WORK TASK: Pictures in the listing should not be copied. Reproduce, word for word, each line from the one holding "Natural-language requests become" through the final line.

DATA PROVIDED:
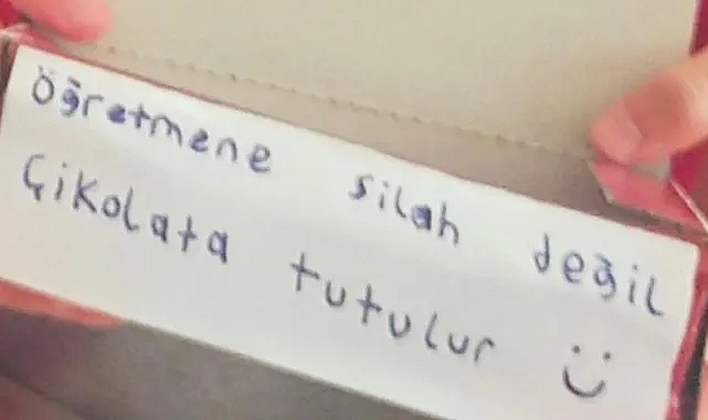 Karaman Temizel-Ünlü Mesleki ve Teknik Anadolu Lisesi öğrencileri, yaşanan olumsuzluklara dikkat çekmek ve öğretmenlerine olan sevgilerini göstermek amacıyla örnek bir davranış sergiledi. Öğrenciler, öğretmenlerine çikolata hediye ederek “Öğretmene silah değil, çikolata tutulur” mesajı verdi.Okulda duygusal anların yaşandığı etkinlikte öğretmenler, öğrencilerin bu duyarlı yaklaşımını takdirle karşıladı. Eğitim ortamlarında sevgi ve saygının önemine dikkat çeken bu anlamlı hareket, şiddetin değil dayanışmanın ve hoşgörünün ön plana çıkması gerektiğini bir kez daha gözler önüne serdi.
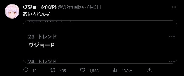 「ヴジョー」でトップツイート検索してみた
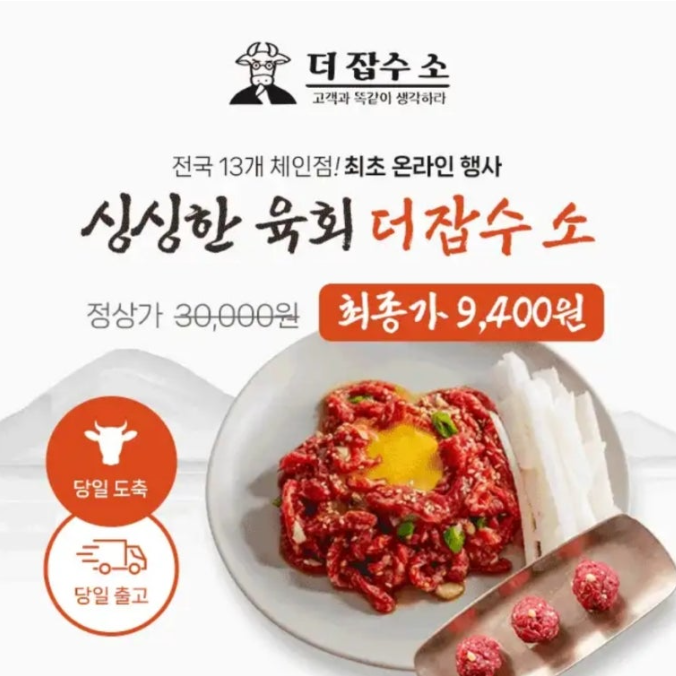 단 한시간동안 진행되는 "캐시딜" 타임특가에서 [온라인최초]★당일도축/ 0000 더 잡수소 육회/ 육사시미/뭉티기가 200g 9,400원부터 행사 진행됩니다. 더 잡수소는 전국에 13개 이상 직영매장이 있고 이미 경상도지역에서는 신선하고 맛있는 매장으로 유명하다고 합니다. 당일 도축으로 너무 신선해서 모두가 놀라는 더잡수소. 빈칸에 들어갈 글자는 무엇일까요?
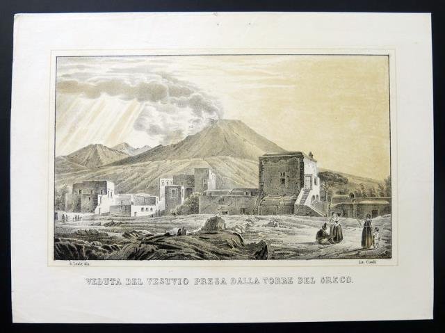 Litografia Cirelli, Napoli, 1850 circa. Tonolitografia, cm 23 x 31 circa (il foglio), disegno di S. Leale. Veduta del Vesuvio presa dalla Torre del Greco, presso Napoli. Buono stato.
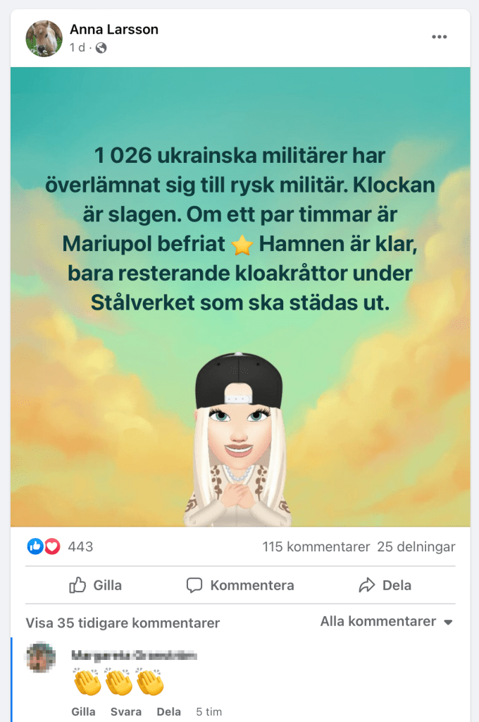 Det är inte bara det att användarna helt tycks ha köpt Rysslands narrativ, som att Ryssland har rätt att invadera Ukraina (eller är det fortfarande en »militär specialoperation«?) och att Ukraina styrs av nazister. Nej, det går längre än så.
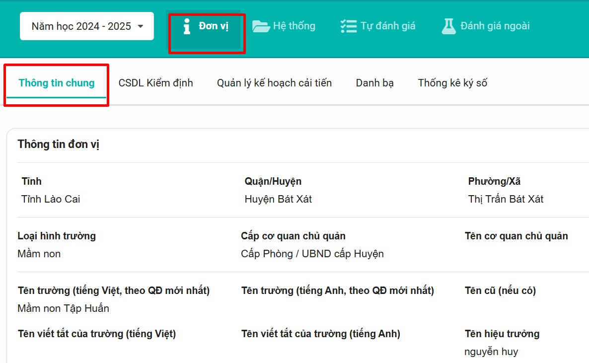 Bước 1: Vào menu Đơn vị -> chọn Thông tin chung
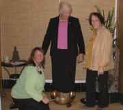 Heike Bastong (links) und ihre Mutter Gudrun (rechts) demonstrieren die Wirkung einer Klangschale - Bild: Gisela Heizler-Ries
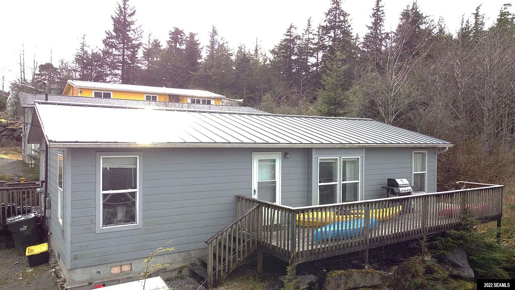 Sensible 1,064 SF home located on Ketchikan Lakes Road. This 2 bed, 2 full bath home has a good size kitchen/dining area with tiled floor extending through half of the interior, with the living room and both bedrooms carpeted. The living room area is sizeable with vaulted ceilings and a separate side entry to access the deck. Metal roof, cement board lap siding, & vinyl windows at the exterior to withstand the weather conditions. The 8,690 SF of land allows space for your ideas of further development in the back yard area!
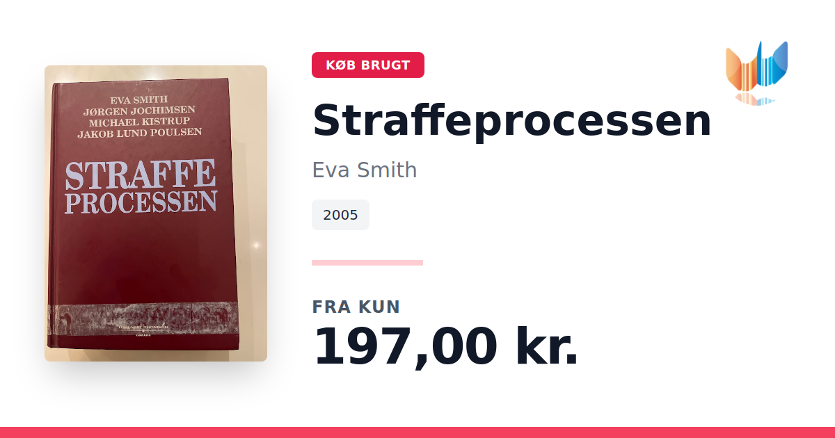 Lige nu kan du købe "Straffeprocessen" af Eva Smith til kun 197,00 kr. Bogen du ser her er brugt, og i god stand. Vi har i øjeblikket kun et enkelt eksemplar til salg af "Straffeprocessen", så slå til mens du kan!
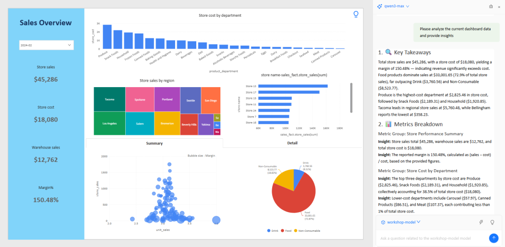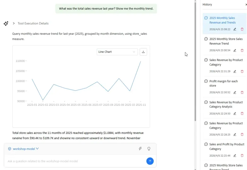 Natural-language requests become charts, metrics, and views users can keep working with — without breaking the structure of the analytics workflow.
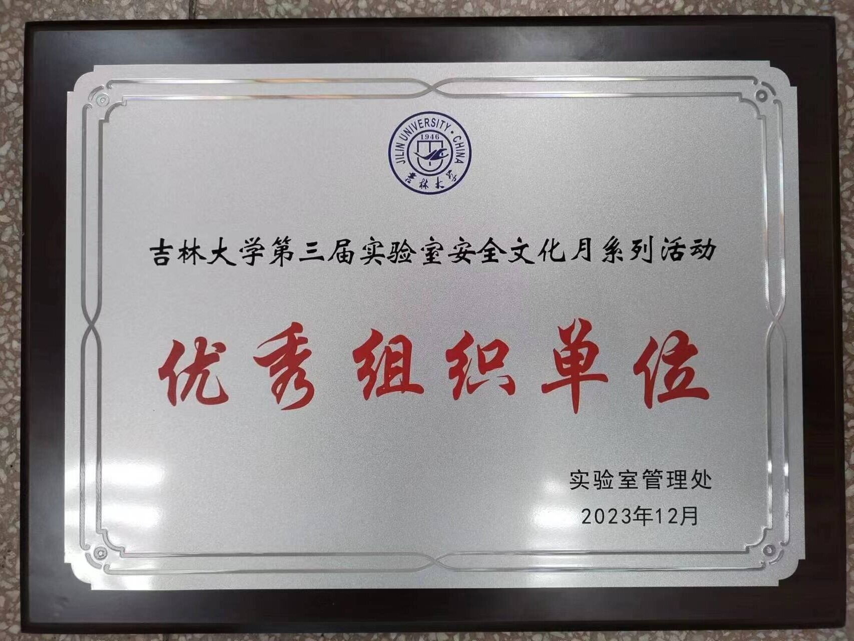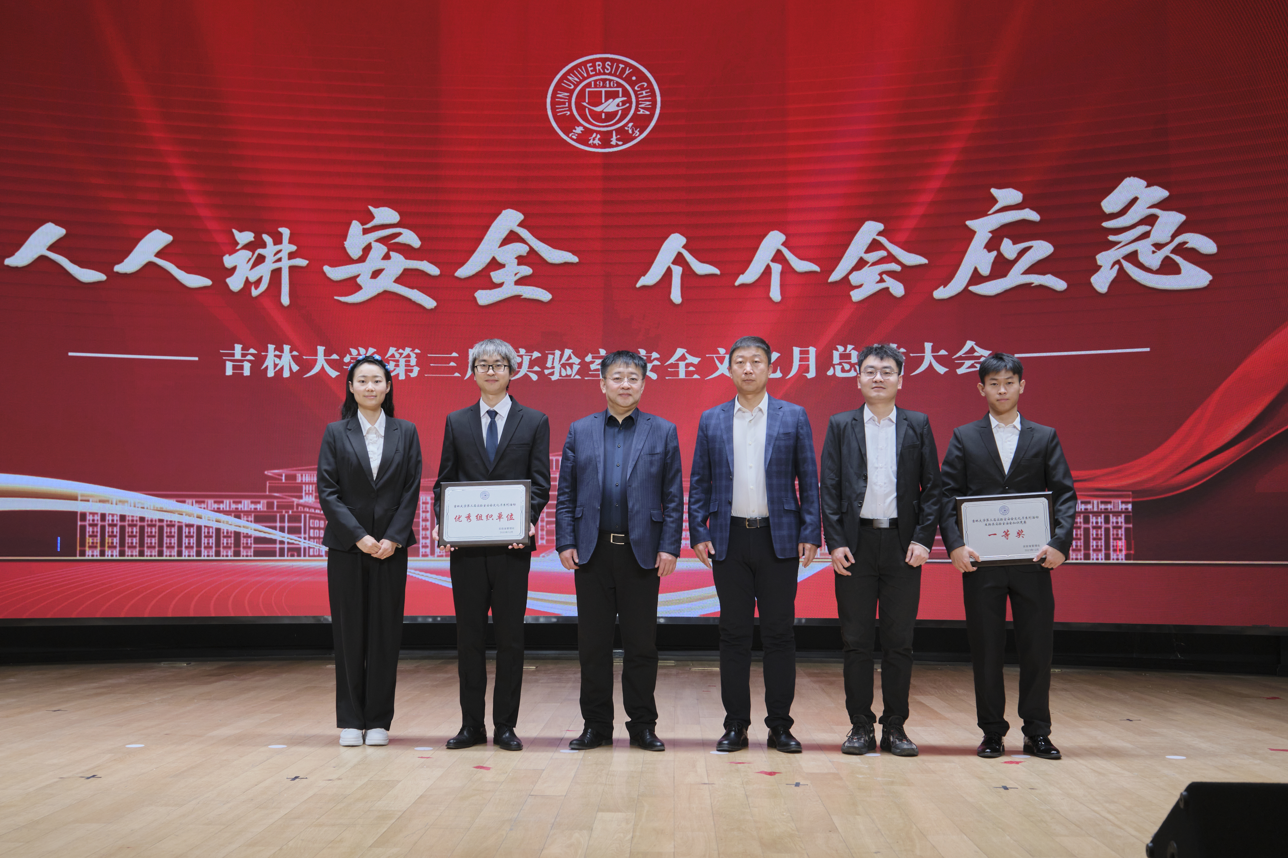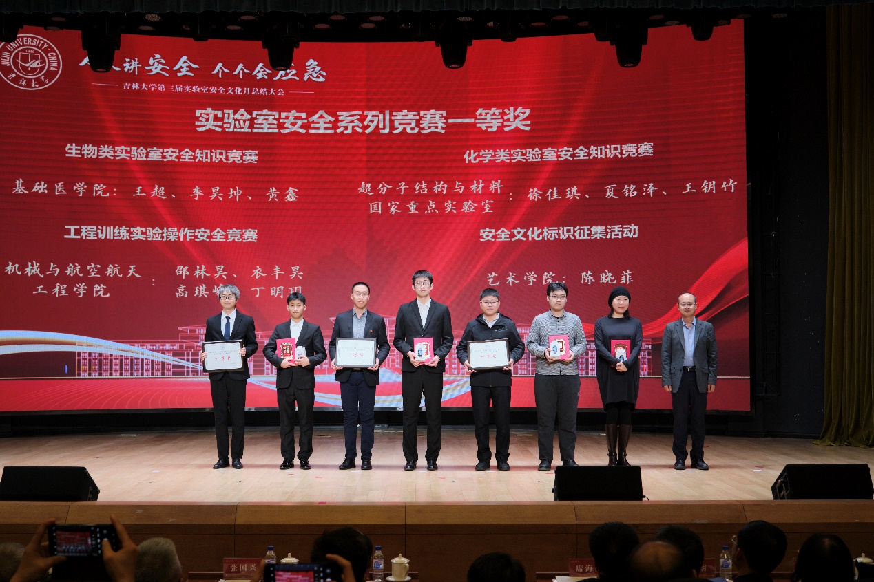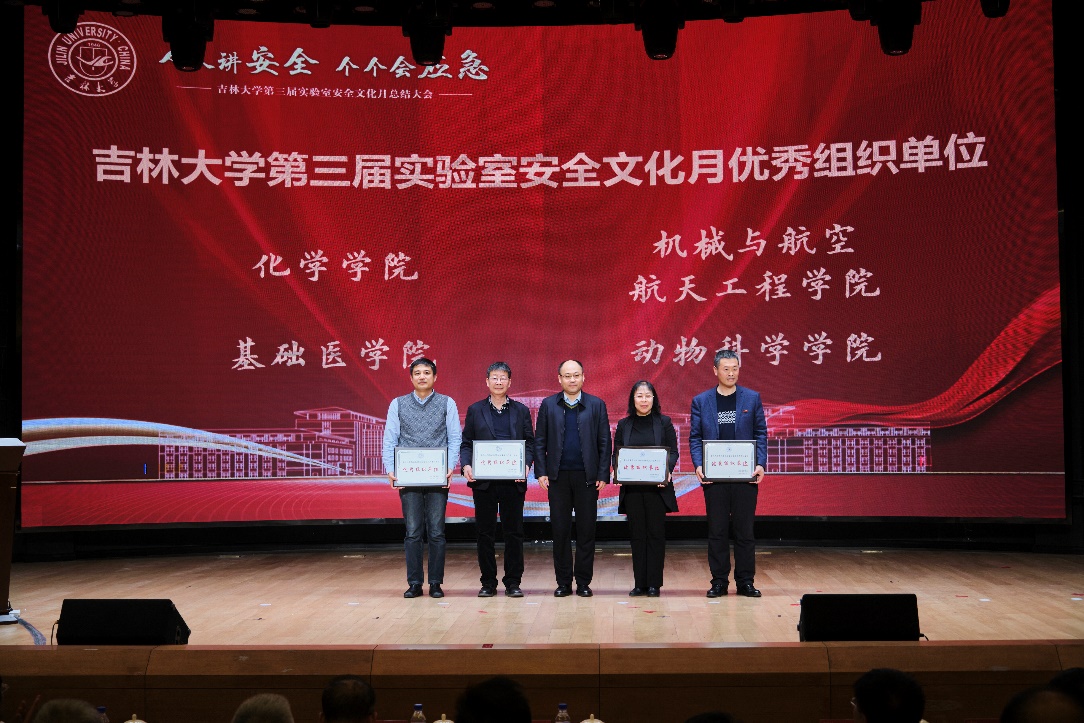 被评为实验室安全文化月优秀组织单位,马琰铭副校长为优秀组织单位颁奖,王晓荣书记代表澳门六合彩资料库

PROBLEM SOLUTION:
 Natural-language requests become charts, metrics, and views users can keep working with — without breaking the structure of the analytics workflow.
 被评为实验室安全文化月优秀组织单位,马琰铭副校长为优秀组织单位颁奖,王晓荣书记代表澳门六合彩资料库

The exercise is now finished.